Court Opinion

ID: 9726540
Source: CourtListenerOpinion
Date Created: 2023-08-26 12:56:20.60627+00
Date Added: 2024-06-11T18:25:28.253382
License: Public Domain

Braucher, J.
(concurring). I join fully in the opinion and decision of the court. But I think additional comment is required about injunctions issued by judges who have no jurisdiction to issue them. For more than six months the UFW and its sympathizers have been commanded to refrain from peacefully communicating the facts of a labor dispute to the plaintiffs’ customers. To be sure, counsel for the UFW apparently did not even recognize the problem, but the injunctions were continued in effect after it had been adjudicated that there was no jurisdiction to issue them.
The old-fashioned labor injunction purported to preserve the existing situation until there could be a proper trial of the merits of a claim that concerted activities of employees and their sympathizers had somehow violated the legal rights of their employers and the public. In practice, there was usually no proper trial of the merits. Long before the time for trial, the case was usually moot, since with the help of the preliminary injunction the employers had won in the world outside the court room. In effect, the courts were cavalry in the employer army.
Employees are more numerous than employers, and the remedy in a democratic system was obvious. Long ago, the battle was fought out in the political arena, and the forces of organized labor won, to the great advantage of our system of justice. In my view, as the opinion of the court fully demonstrates, this is not a marginal case. The product boycott has long been a familiar feature of the labor scene, and injunctions against it were standard illustrations of the old-fashioned labor injunction. I had thought the practice of enjoining such boycotts in labor disputes had been abolished a *744generation ago, to general public satisfaction.

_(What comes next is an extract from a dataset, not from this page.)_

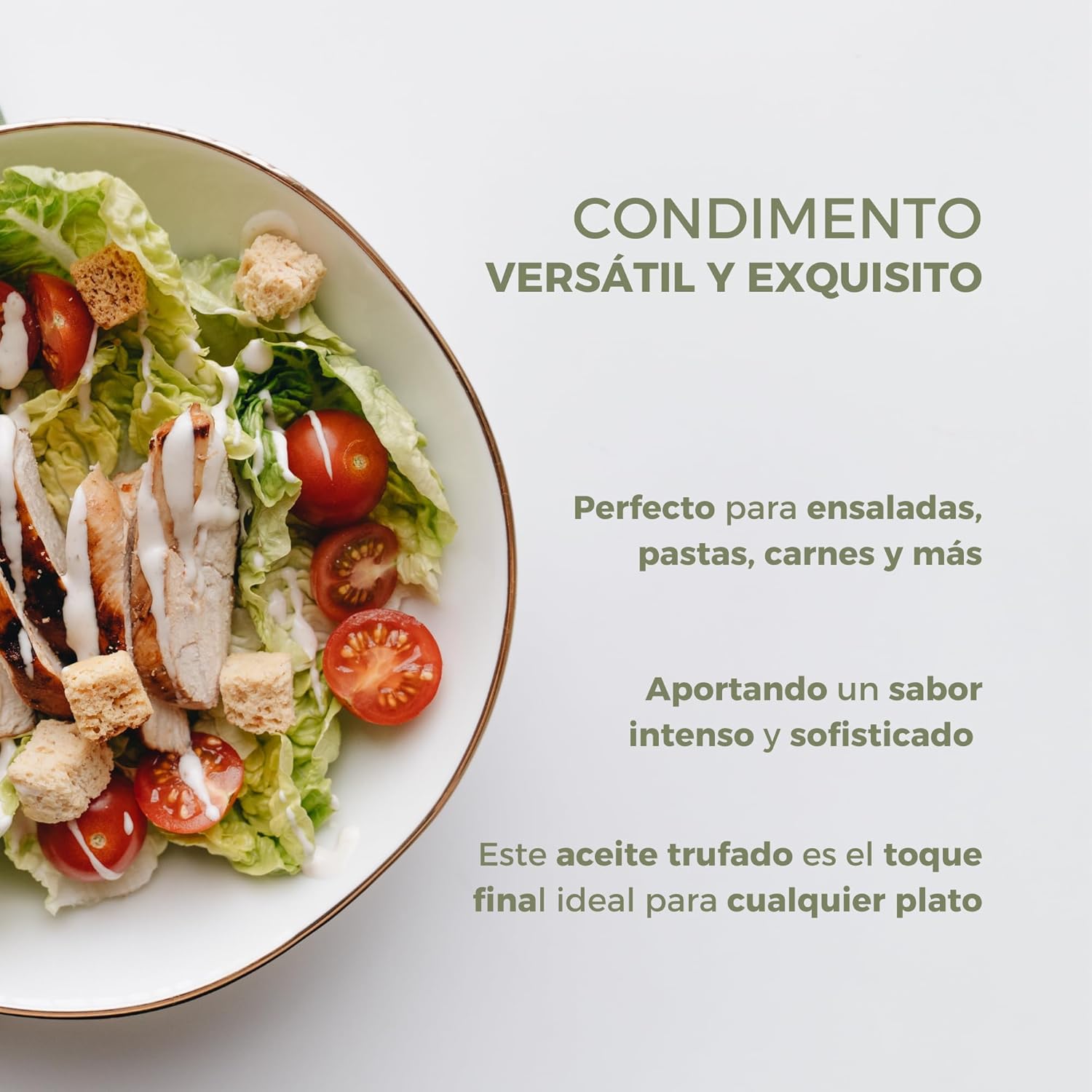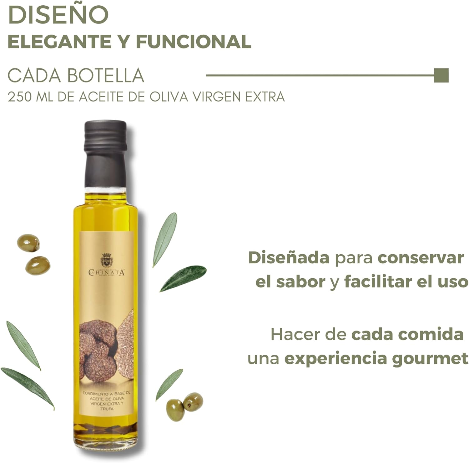 Para usar como condimento, verter una pequeña cantidad sobre platos de pasta, ensaladas o carnes. Almacenar en un lugar fresco y seco, alejado de la luz solar directa y fuentes de calor. Cerrar la botella después de cada uso. Este producto es seguro para la mayoría de las personas, pero si es alérgico a los aceites de oliva, no lo consuma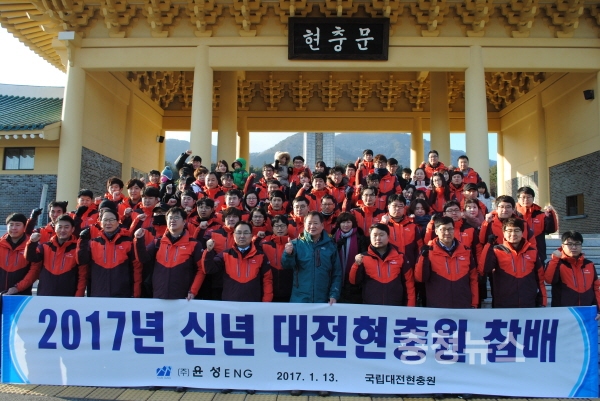 대전 유성소재 (주)윤성ENG 신윤섭 대표이사를 비롯한 임직원 100여명은 13일 오후 국립대전현충원을 방문하여 현충탑을 참배하고 천안함 장병들과 연평포격사건희생자 묘를 찾아 헌화하고 나라를 위해 희생하신 호국 영령들의 호국정신을 본받아 노사 모두가 국가와국민을 위한는 마음자세로 정유년 새해 최선을 다하자는 의미와 각오를 되새겼다.

Even if this case could be treated as a marginal example of a labor dispute, the injunction practice followed here is nevertheless wrong. Even apart from statutes restricting labor injunctions, there is here a serious issue under the First Amendment to the Constitution of the United States. Injunctions should be issued with the expectation that they will be obeyed and, if necessary, enforced by contempt proceedings. Apparently there would have been no objection to an injunction limited to acts of harassment or intimidation; the issuance of more sweeping injunctions opened up the possibility that they might be unenforceable by reason of unconstitutional overbreadth. That risk should at least have been postponed until after trial on the merits.
In my opinion the injunctions in this case should never have been issued.